A spreadsheet is great for this. You want to corral details for each of your social media platforms, covering the following:
- Best times to post
- Worst times to post
- Number of hashtags (optimal)
- Best hashtags
- Types of posts
- Number of posts
Best & Worst times to post
As I said, don’t just use the many infographics that state these. They do contradict each other and many don’t specify things like time zones.
2pm might be great for me to post on Twitter (for my UK followers) but I also do well at midnight, as I have followers on PST timezone.
By working out your own best and worst times, then analysing whether you have more followers from a specific country/time zone, means you can get a more in-depth set of times to aim for/avoid.
Number of hashtags
Hashtags have their place and are great for allowing you to find and be found. However, each social media system works differently. For example:
Twitter does best with no more than 3 hashtags per tweet.
Facebook also does better with no more than 3, preferably 1 or 2.
Instagram is the best for hashtags and I think you can use 30. With at least 11 being the recommended amount
Make sure you look into the best way to use hashtags for each system. They aren’t all the same and using too many can actually damage your reach making your posts do less well.
There are so many hashtags you can use. Great ones for finding other writers, finding readers, for showing support, for connecting to a trending topic. Think about the type of hashtags you want to use.

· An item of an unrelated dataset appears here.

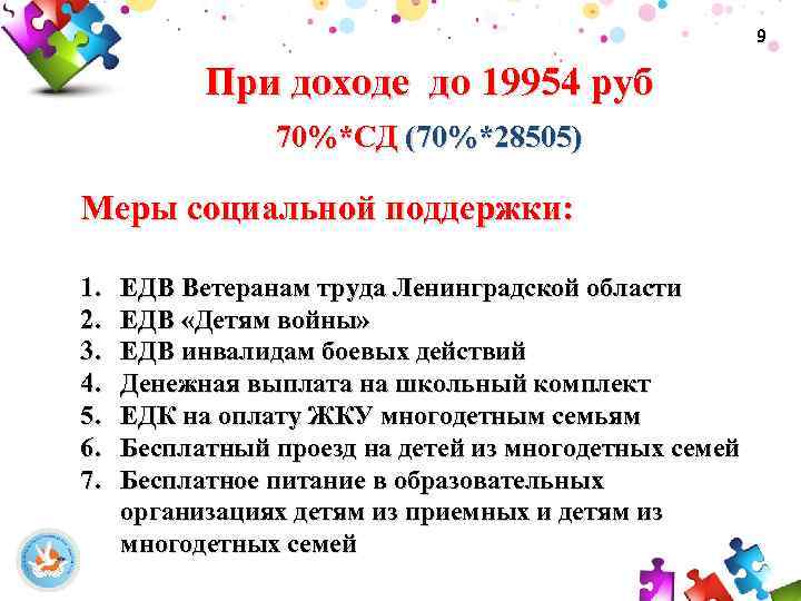 9 При доходе до 19954 руб 70%*СД (70%*28505) Меры социальной поддержки: 1. 2. 3. 4. 5. 6. 7. ЕДВ Ветеранам труда Ленинградской области ЕДВ «Детям войны» ЕДВ инвалидам боевых действий Денежная выплата на школьный комплект ЕДК на оплату ЖКУ многодетным семьям Бесплатный проезд на детей из многодетных семей Бесплатное питание в образовательных организациях детям из приемных и детям из многодетных семей

Look at what other people are using and what words you would search for to connect with people.
Do some research to find the best hashtags for you, ones that can help you. Keep a list of them and use them appropriately.
Types of posts
Twitter posts with images are likely to stay within a feed for a longer period of time than text-only posts. So whether you are posting a link or stating a comment, add a picture, it can help with exposure.
Facebook currently prefers videos, then images, then text posts. Posts with multiple pictures do well. So look at having more pictorial and video posts compared to the text-only ones.
Instagram is obviously a picture-based system, but there are some great writers and poets who put up snippets of their work.
Make it clear, easy to read and if possible make it an intriguing graphic. Add the text to a scrap of coloured paper, or sticking out of a type-writer. It can be made visually appealing while still mostly being about the text.
Number of posts
There are some recommendations for this, but again use as a guide and find your own preference.
For Twitter it’s recommended no more than 14 posts a day and no less than 3.
For Facebook, some say 2 posts a day others say 5 or 6. Others say minimum 3 times a week.
For Instagram at least 1-2 pictures a day.
Personally, I get tired if the same person is just filling up my feeds by posting constantly. I have unfollowed people who just choke up my timelines.
When I’m actually on the ball, my personal scheduling is (as a minimum):
Twitter – 5 times a day
Facebook – 3 times a week
Instagram – once a day
What have you learnt about using social media for your marketing?